The other thing I wanted to test on linux is how it behaves if I create a file in the filemanager using a special character. For this example I'm using ü, because it's a bit ambiguous as there's multiple ways to encode it using unicode (more on this later) and it also appears in ISO-8859-1.

Back to the test. I'm now creating a new file from the Nautilus interface, and want to see how it shows up for PHP. Im creating a file called test_ü.txt and listing it with the following script:

  1. <?php
  2. list($file) = glob('test_*');
  3. echo urlencode($file) . "\n";
  4. ?>

Output:

  1. test_%C3%BC.txt

%C3%BC is the UTF-8 encoding of codepoint U+00FC, which is the most common way to encode ü. Great!

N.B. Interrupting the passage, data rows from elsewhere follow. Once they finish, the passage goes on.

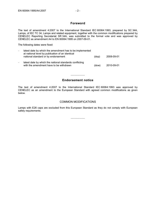 This amendment A4 modifies the European Standard EN 60064:1995; it was approved by CENELEC on
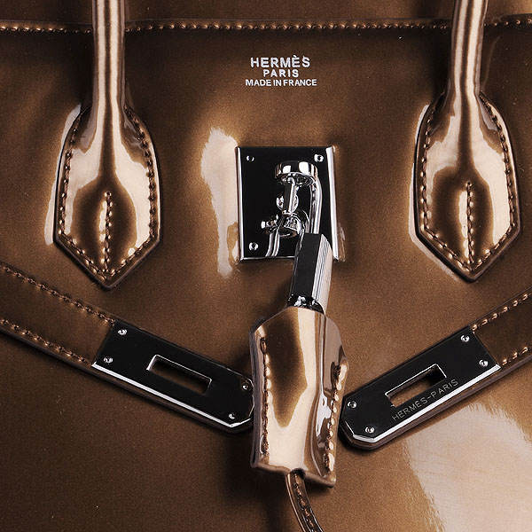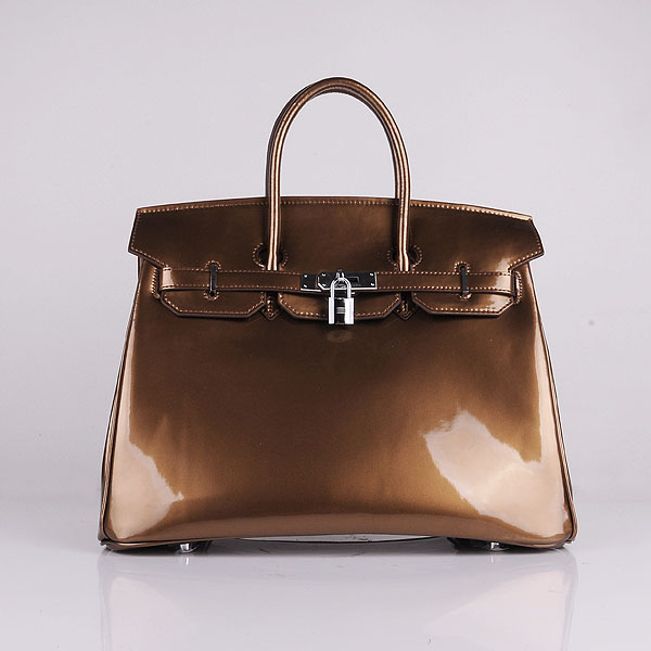 Hermes Birkin 35CM Tote Bag Bronze Patent Leather H35 Silver hardware
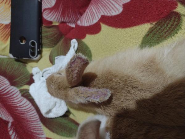 O branquinho estava com sarna sarcóptica, indicaram violeta, usei e as crostas caíram, ele era da minha sobrinha. Ela ganhou a dupla e o branco já veio infectado, começou na patinha chegou as orelhas e outras patas. Não usem violeta, após aplicar ele ficava inquieto e nao parava de correr e se limpar. Pena que foi tarde e nao pudemos levar ao veterinário. Estamos tristes pela perca, ele era dócil demais.
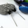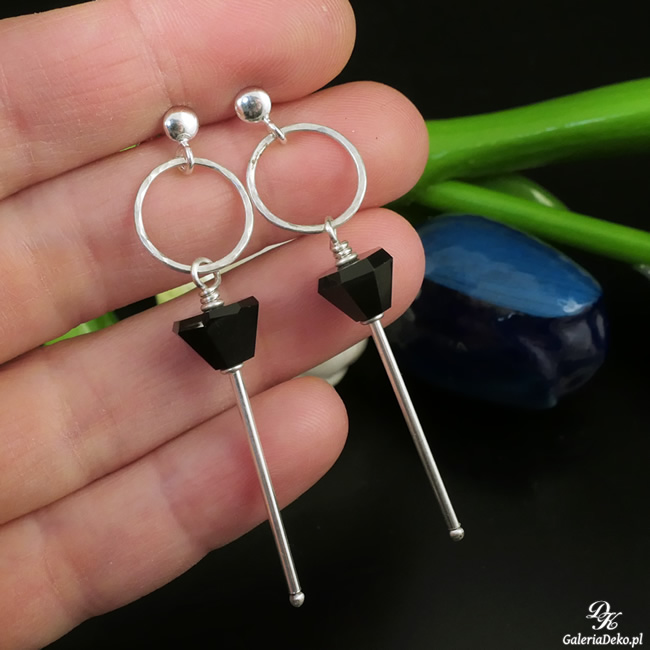 Nowoczesne kolczyki zostały wykonane z czarnego Spinelu o nietypowym szlifie (9x6mm) oraz ze srebrnych elementów pr.925. Zawieszone na sztyftach. Kolczyki mają długość całkowitą 5,5cm. Na życzenie srebro można przyciemnić (zaoksydować).
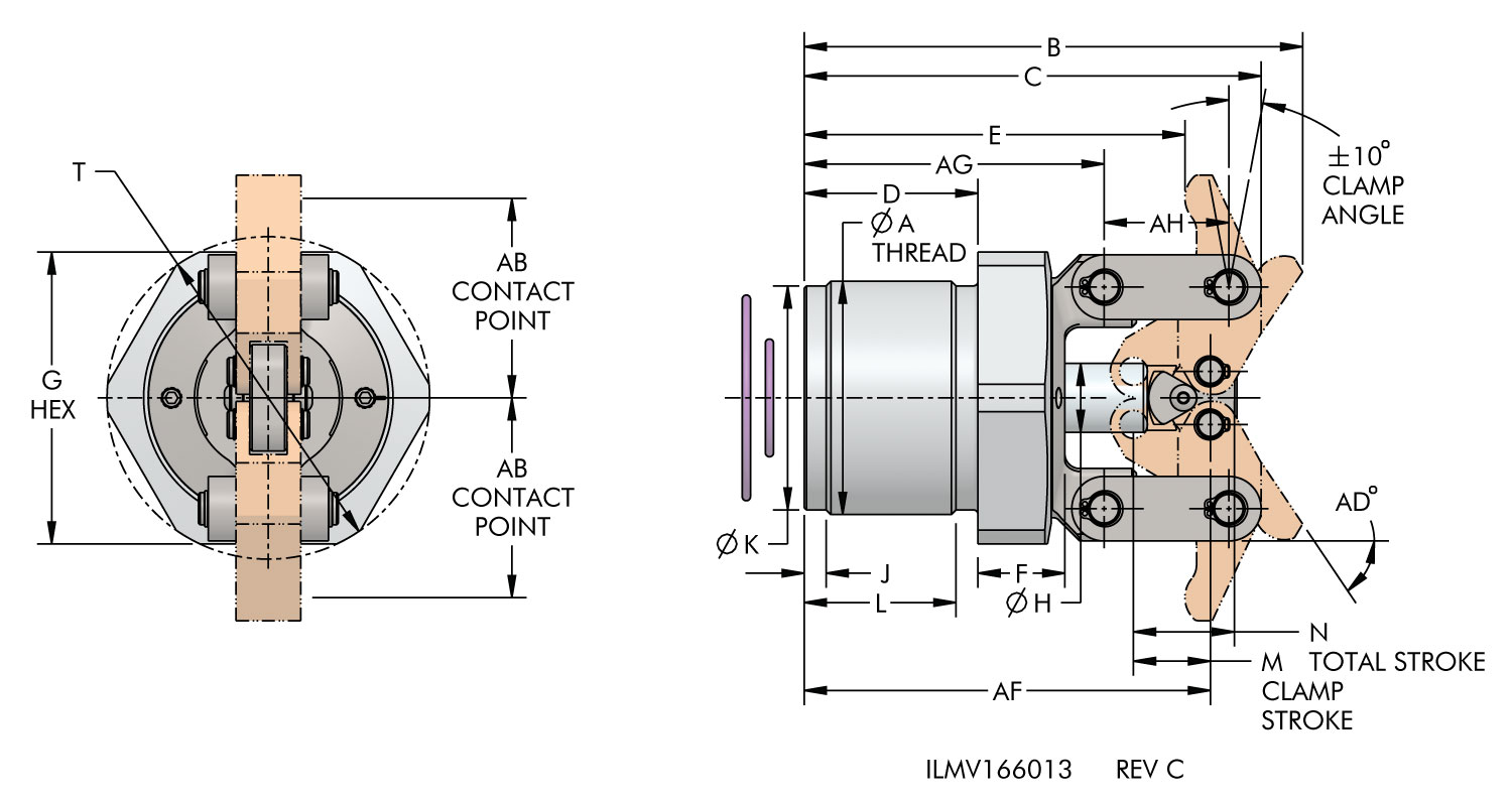 * Clamp capacities are listed at 350 bar (35 MPa) maximum operating pressure with a standard length link clamp lever installed. See the TuffLink Link Clamp Levers for the clamping force of various lever lengths and pressures. Minimum operating pressure is 52 bar (5.2 MPa) for single acting devices. The clamping force is adjustable by varying the hydraulic system pressure. (Actual force will vary slightly due to mechanical inefficiencies, friction and/or return springs.)
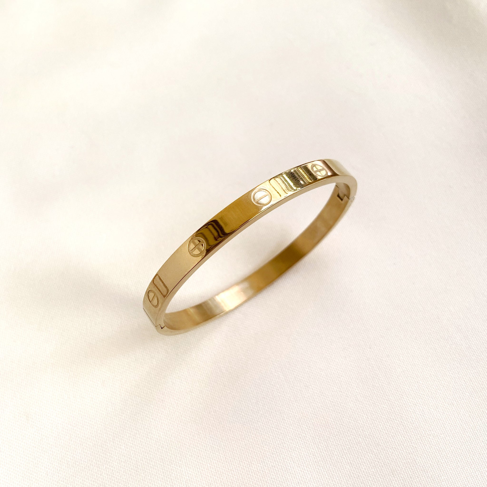 Pulsera dorada con círculos grabados.
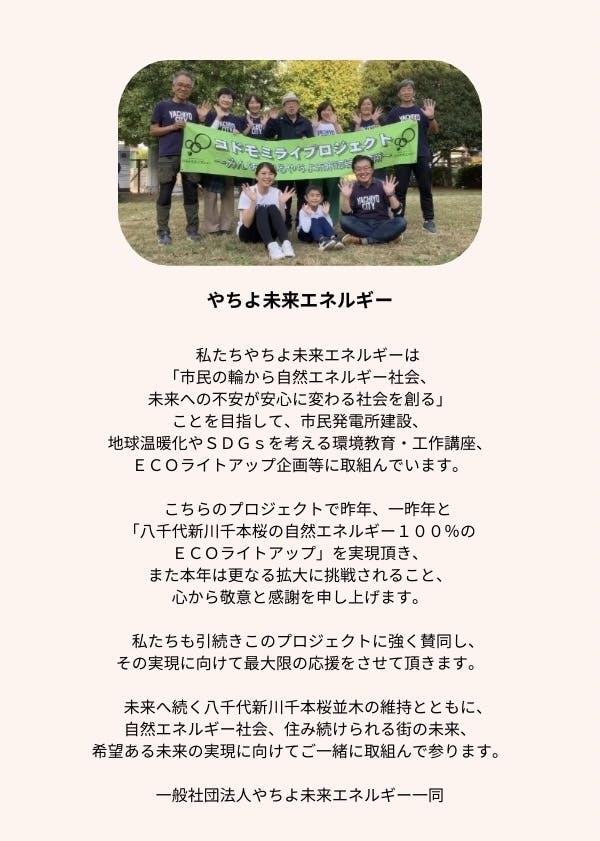 今日は八千代新川千本桜ecoライトアップのライトアップを担当するやちよ未来エネルギーの皆様から応援メッセージをいただきましたのでご紹介します。
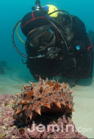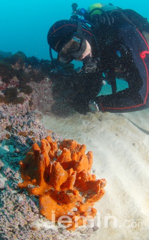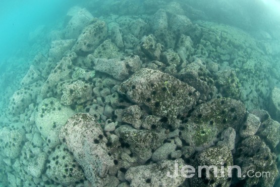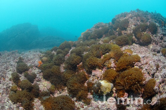 하지만 해안에서 수심 8m 지점까지는 자연 암반이 잘 발달돼 있지만 해조류는 간데없고 거품돌산호 만이 암반 전체를 차지하고 있다.
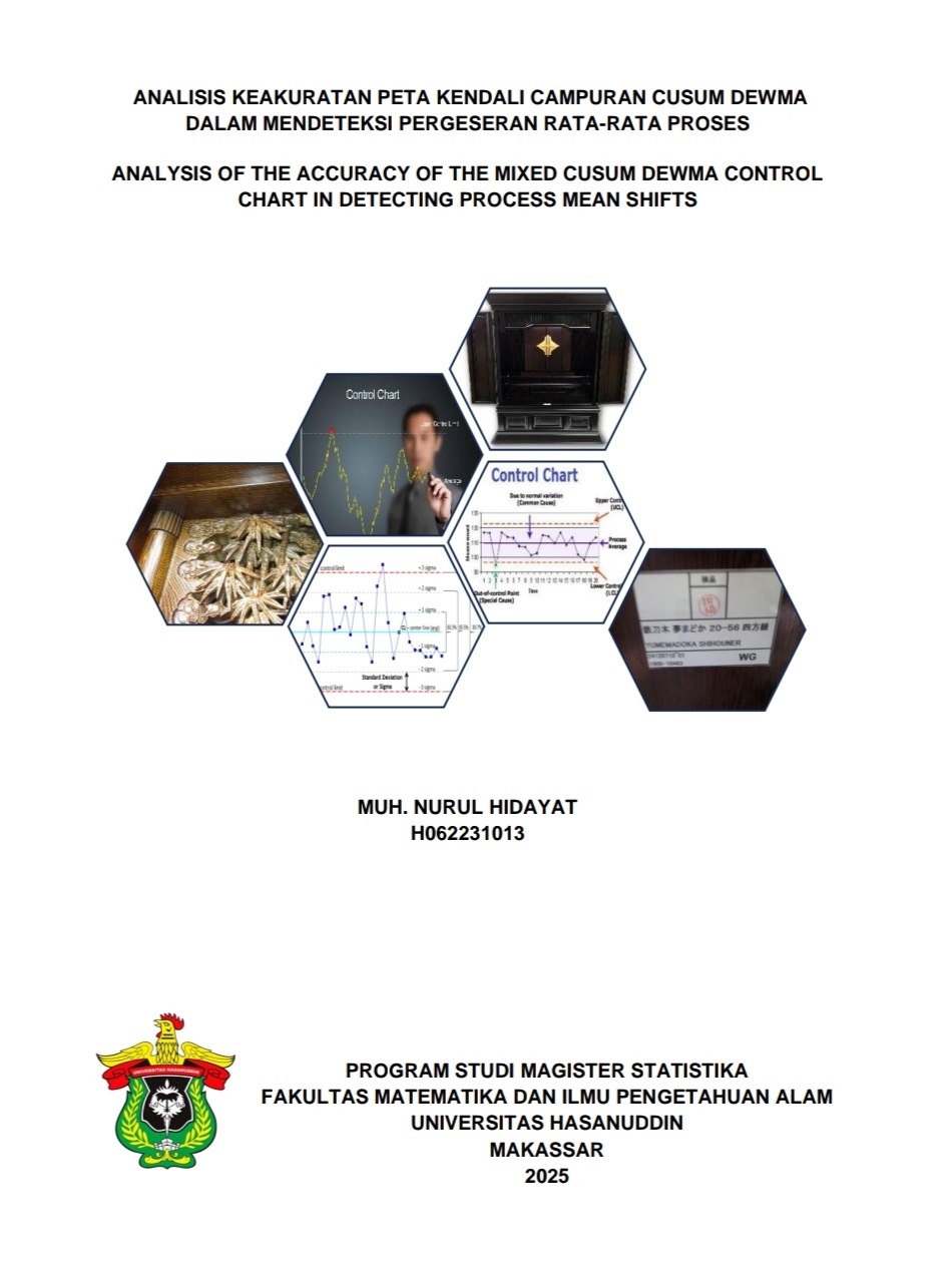 HIDAYAT, MUH. NURUL (2025) ANALISIS KEAKURATAN PETA KENDALI CAMPURAN CUSUM DEWMA DALAM MENDETEKSI PERGESERAN RATA-RATA PROSES = ANALYSIS OF THE ACCURACY OF THE MIXED CUSUM DEWMA CONTROL CHART IN DETECTING PROCESS MEAN SHIFTS. Thesis thesis, Universitas Hasanuddin.

The last test is to create this file using ISO-8859-1/latin1 encoding. The latin1 representation of ü is 0xFC. The script for this:

  1. <?php
  2. file_put_contents("uumlaut_\xFC.txt","contents");
  3. ?>

Linux stores the file with that exact byte sequence. 'ls' shows the questionmark again, and this type in gnome I'm getting the typical 'incorrect encoding' question mark.

OS/X

On OS/X all filenames are encoded as UTF-16. You don't have to know about this, because the API's PHP uses are UTF-8, and are transparently translated for you.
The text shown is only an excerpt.